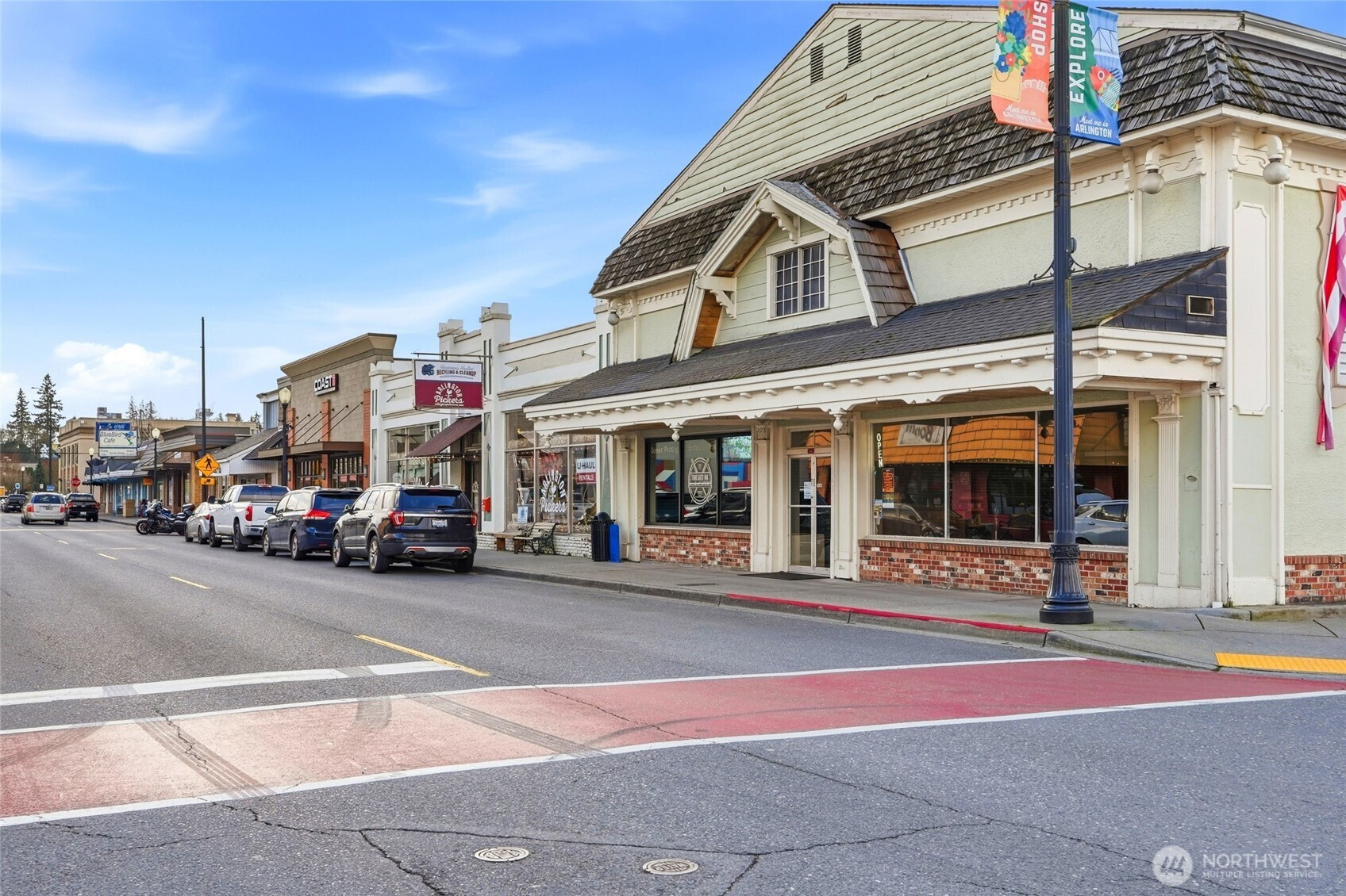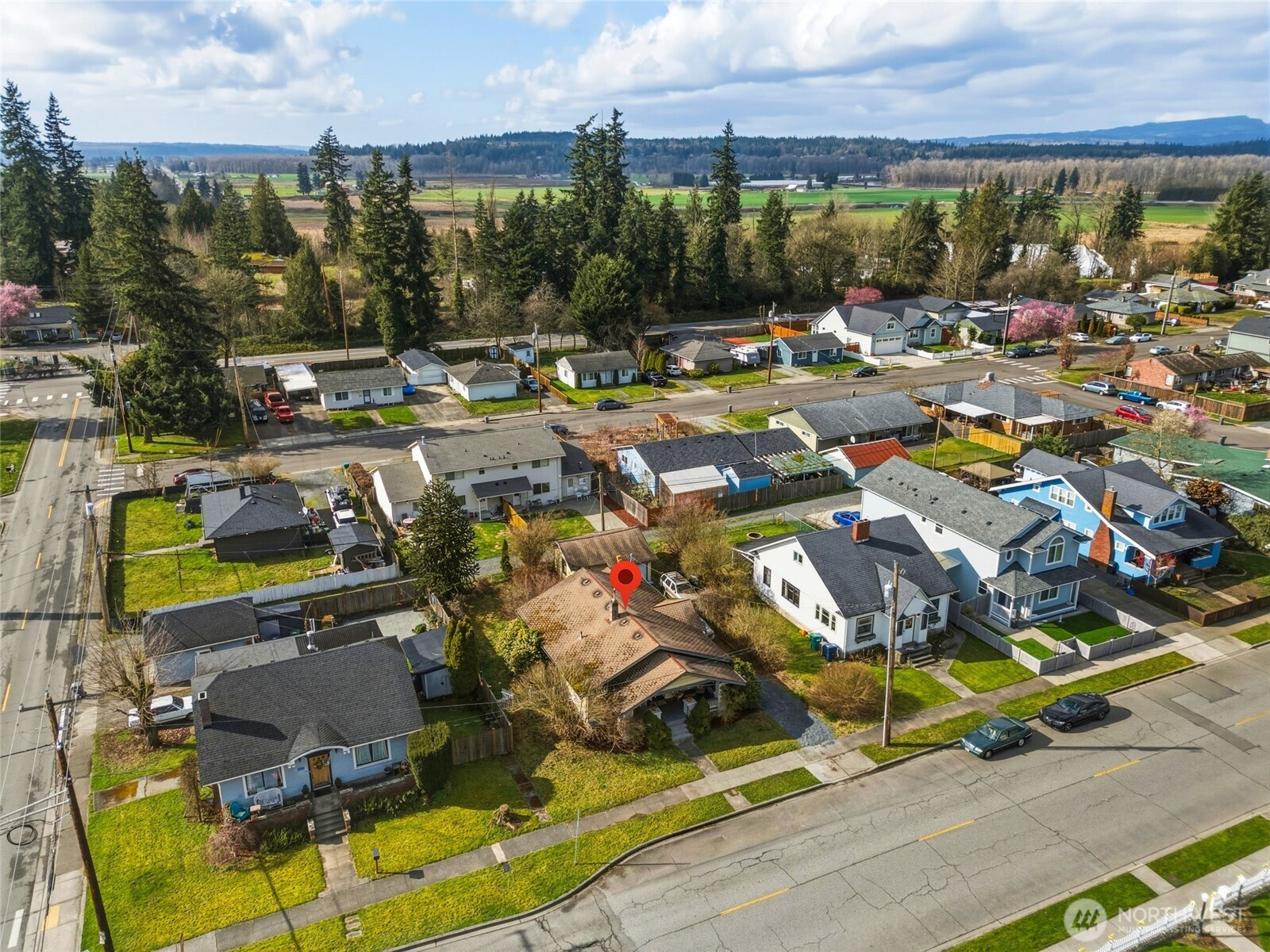 OPPORTUNITY KNOCKS! Step into the charm of yesteryear with this 1933 Craftsman bungalow in the heart of Arlington. Just a short stroll to downtown shops, restaurants, and local events, this home offers the perfect blend of small-town living and everyday convenience. Original hardwood floors add warmth and character, while the cozy gas free-standing stove creates an inviting focal point in the main living area. The kitchen features an eating nook perfect for morning coffee or casual dinners, with room to reimagine and make it your own. The main floor offers two bedrooms and one bathroom. Downstairs, the basement includes a laundry area and provides exciting potential to finish for additional living space. Modern updates include gas forced air heat, newer HWT, vinyl siding & vinyl double pane windows. Situated on a rare double lot, this property truly stands out. The detached one-car garage with shop space opens the door to endless possibilities — hobbies, storage, or potential future DADU conversion (buyer to verify).Whether you’re looking to build sweat equity, invest, or restore a timeless 1933 charmer to its full glory, this Arlington home is brimming with opportunity. Bring your vision and unlock the potential.
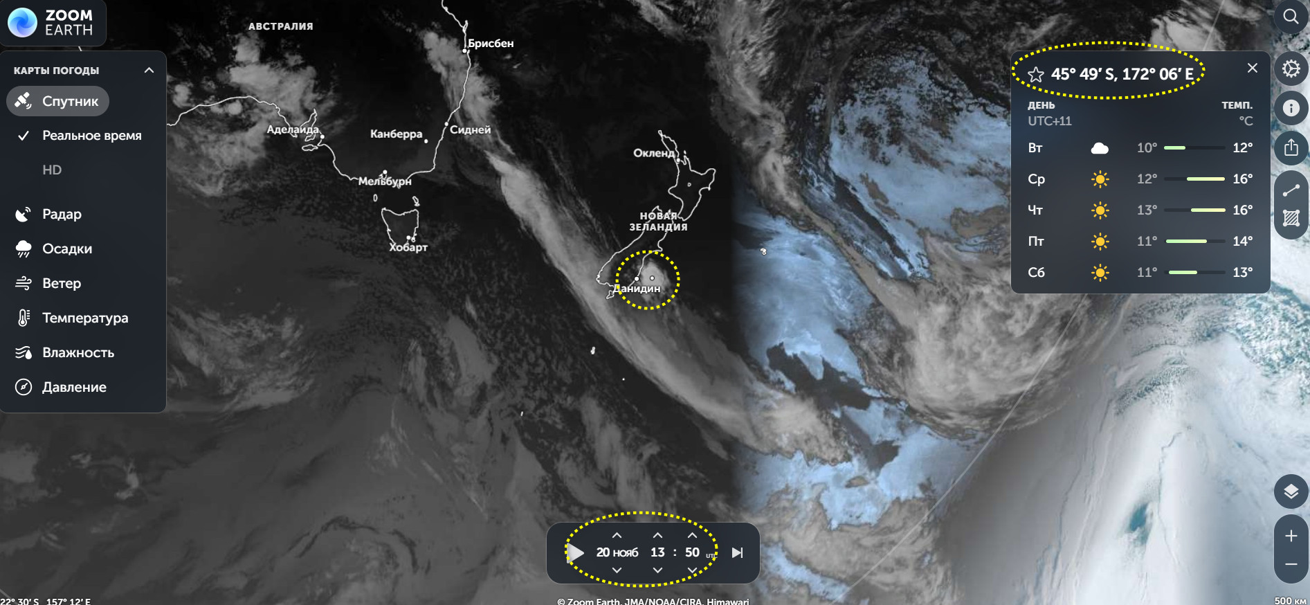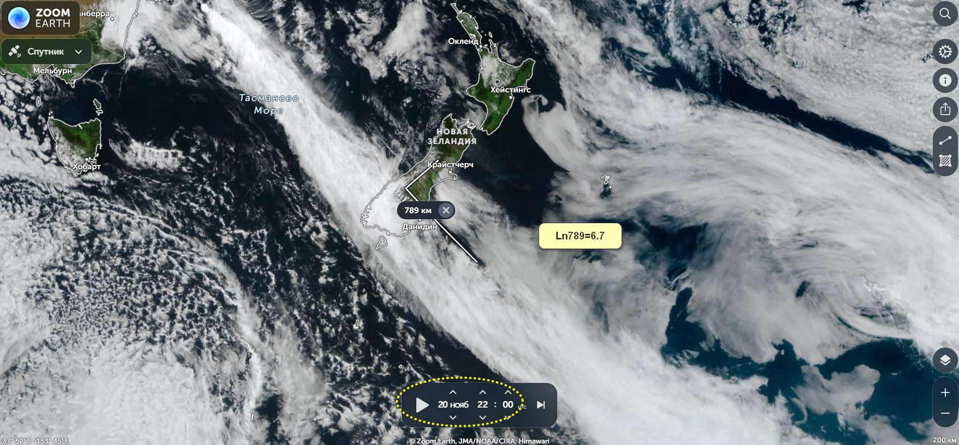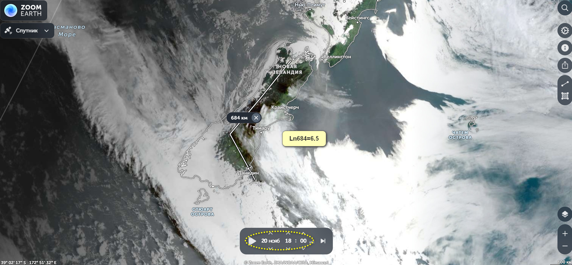 Прогноз по Новой Зеландии завершился отработкой маркерного события на указанном меридиане, немного севернее указанного района. Погрешность по времени составила два часа.
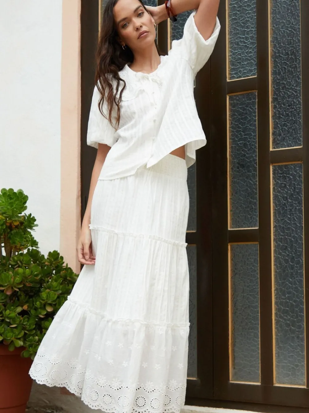 Broderie Tiered Pull On Midi Skirt*Another Sunday Hot
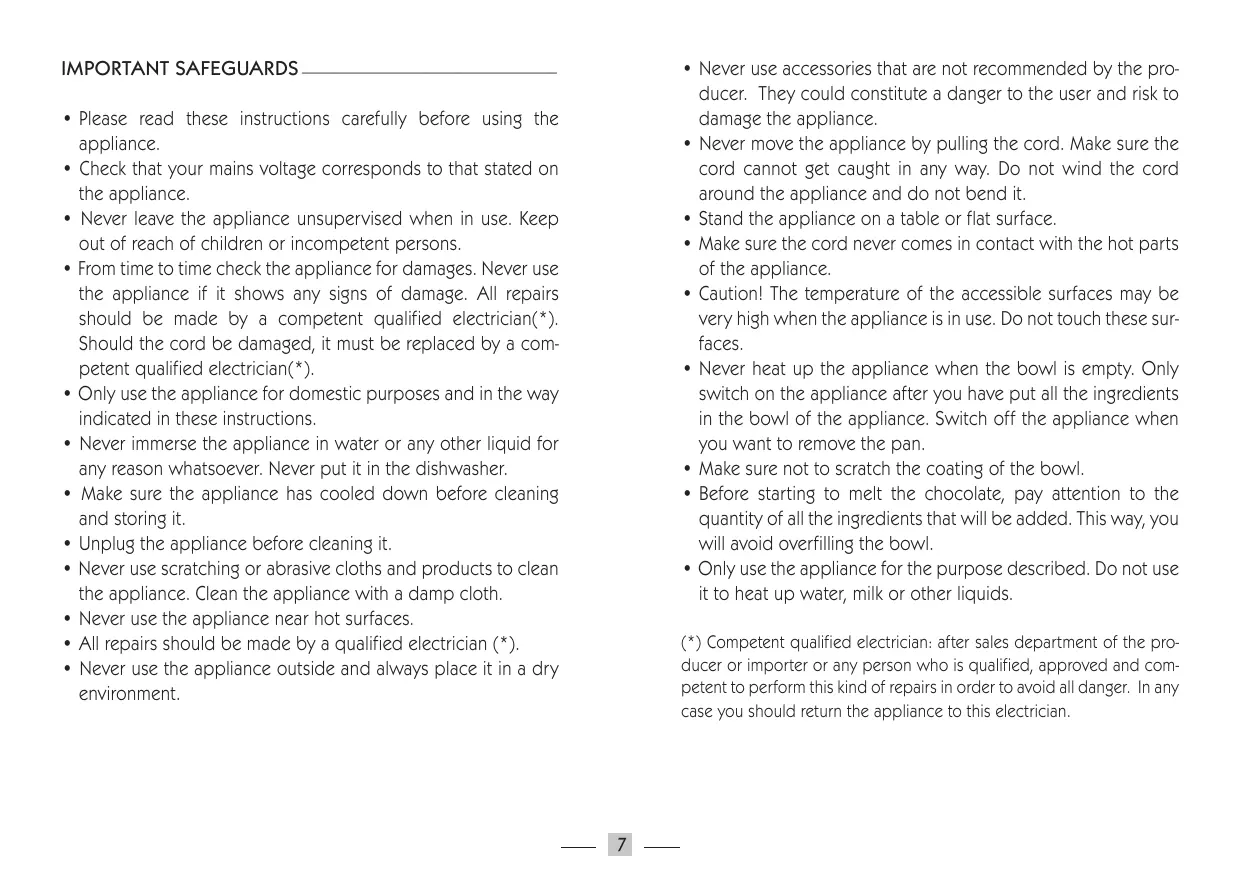 (*) Competent qualified electrician: after sales department of the producer or importer or any person who is qualified, approved and competent to perform this kind of repairs in order to avoid all danger. In any case you should return the appliance to this electrician.
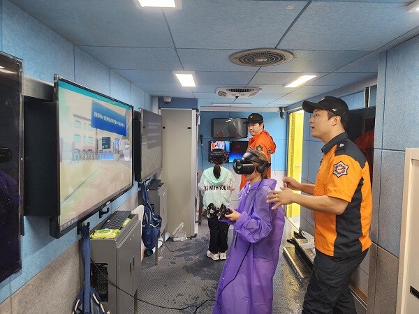 체험 부스에는 ▲마네킹 등을 활용한 심폐소생술 및 자동제세동기(AED) 사용법 ▲물소화기 체험 ▲VR 화재, 지진 등 재난대피 ▲소화기 사용법 등 다양한 프로그램으로 구성됐다.
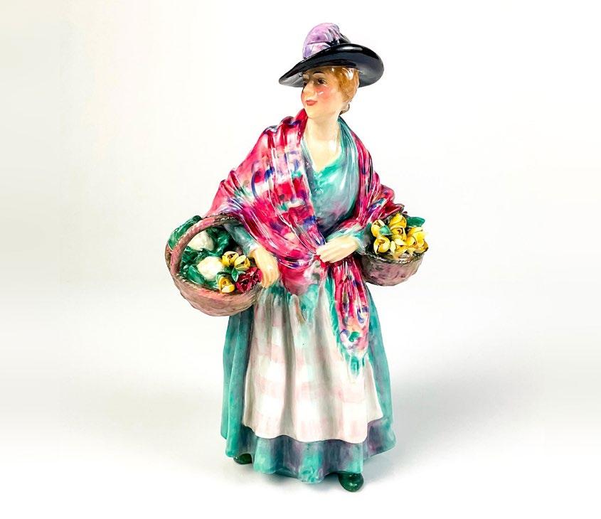 Precious figurine of girl in pink dress holding one chick and two on base. Hat with blue bow hanging on her arm; basket of eggs behind her on a green base. Stamp: Made in England; Royal Doulton England; Bone China. The Property Of Royal Doulton Tableware Ltd. Not Produced For Sale
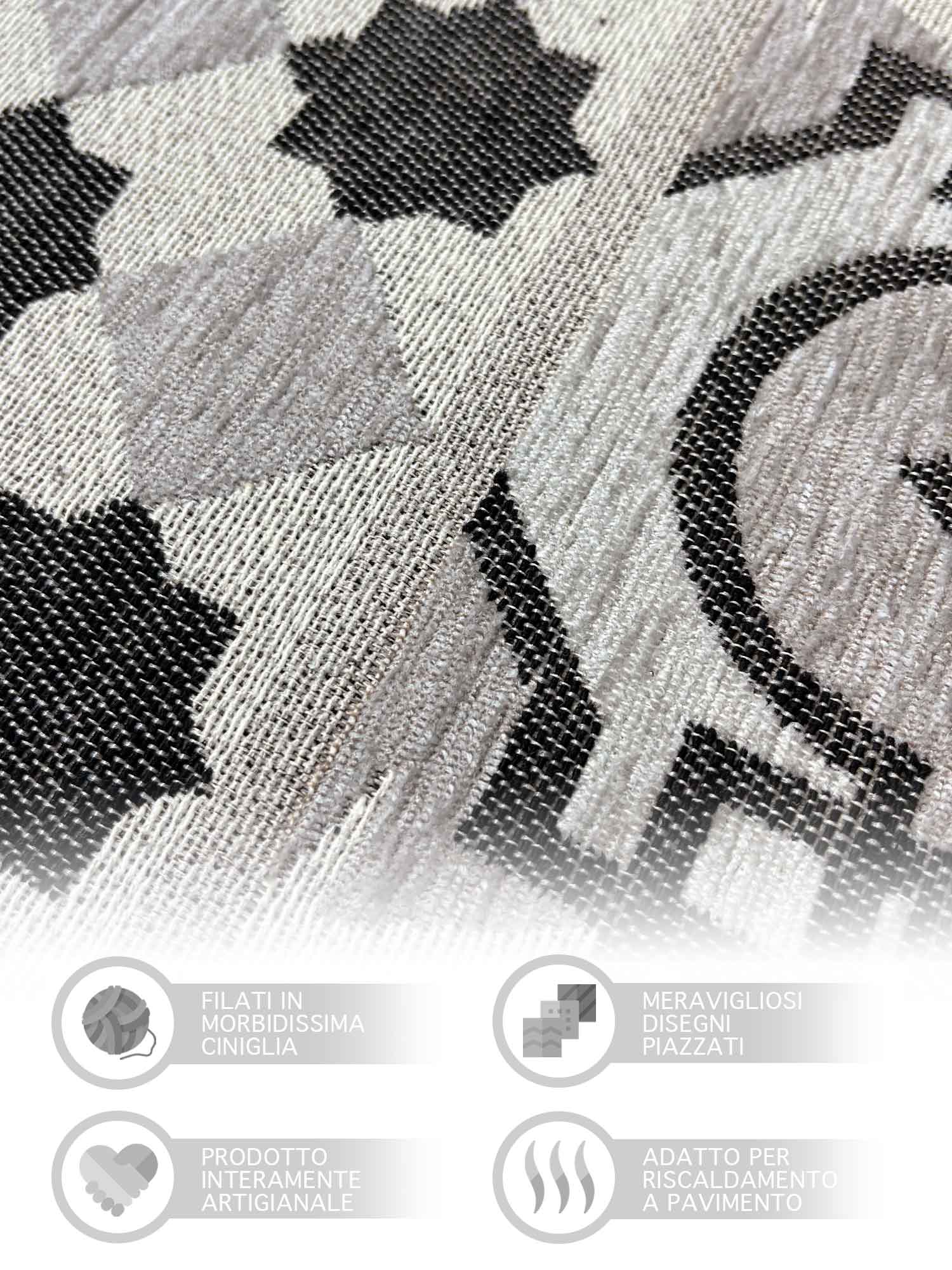Antiscivolo: La Parte posteriore realizzata in Poliestere con lavorazione Antiscivolo rende il tappeto stabile e aderente saldamente a terra su tutte le superfici per evitare il pericoloso effetto slittamento- Consentito anche l'utilizzo anche su pavimenti riscaldati ( Riscaldamento a Pavimento )
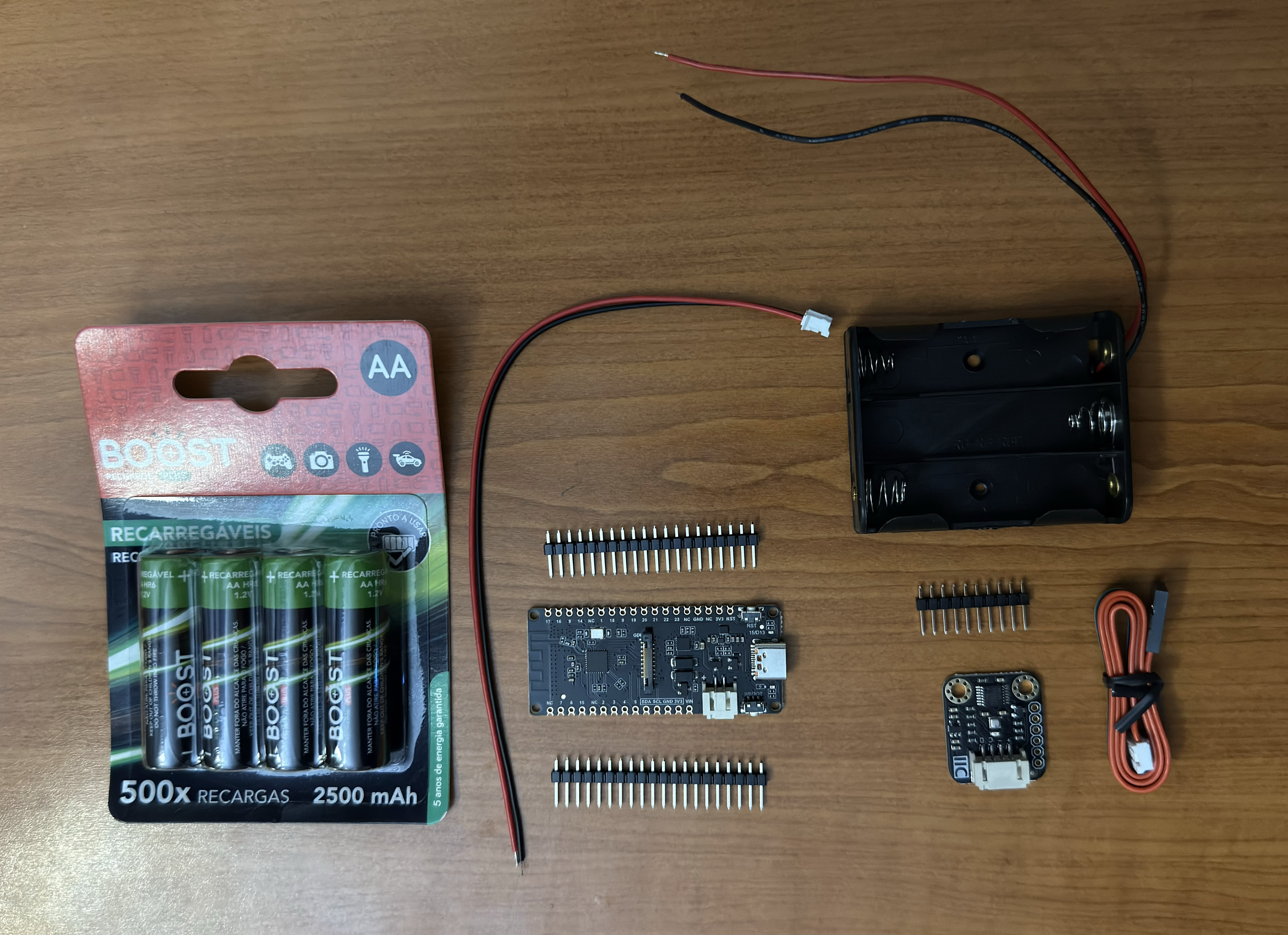 Fig.1 - Materials: ESP32, BME280, batteries, support for the batteries and cables.

**What is being asked**
Within the entries above, give again exactly the lines starting at the one that contains "체험 부스에는 ▲마네킹" and ending at the one that contains "Precious figurine of", leaving out the pictures.

**Reply to the task**
 체험 부스에는 ▲마네킹 등을 활용한 심폐소생술 및 자동제세동기(AED) 사용법 ▲물소화기 체험 ▲VR 화재, 지진 등 재난대피 ▲소화기 사용법 등 다양한 프로그램으로 구성됐다.
 Precious figurine of girl in pink dress holding one chick and two on base. Hat with blue bow hanging on her arm; basket of eggs behind her on a green base. Stamp: Made in England; Royal Doulton England; Bone China. The Property Of Royal Doulton Tableware Ltd. Not Produced For Sale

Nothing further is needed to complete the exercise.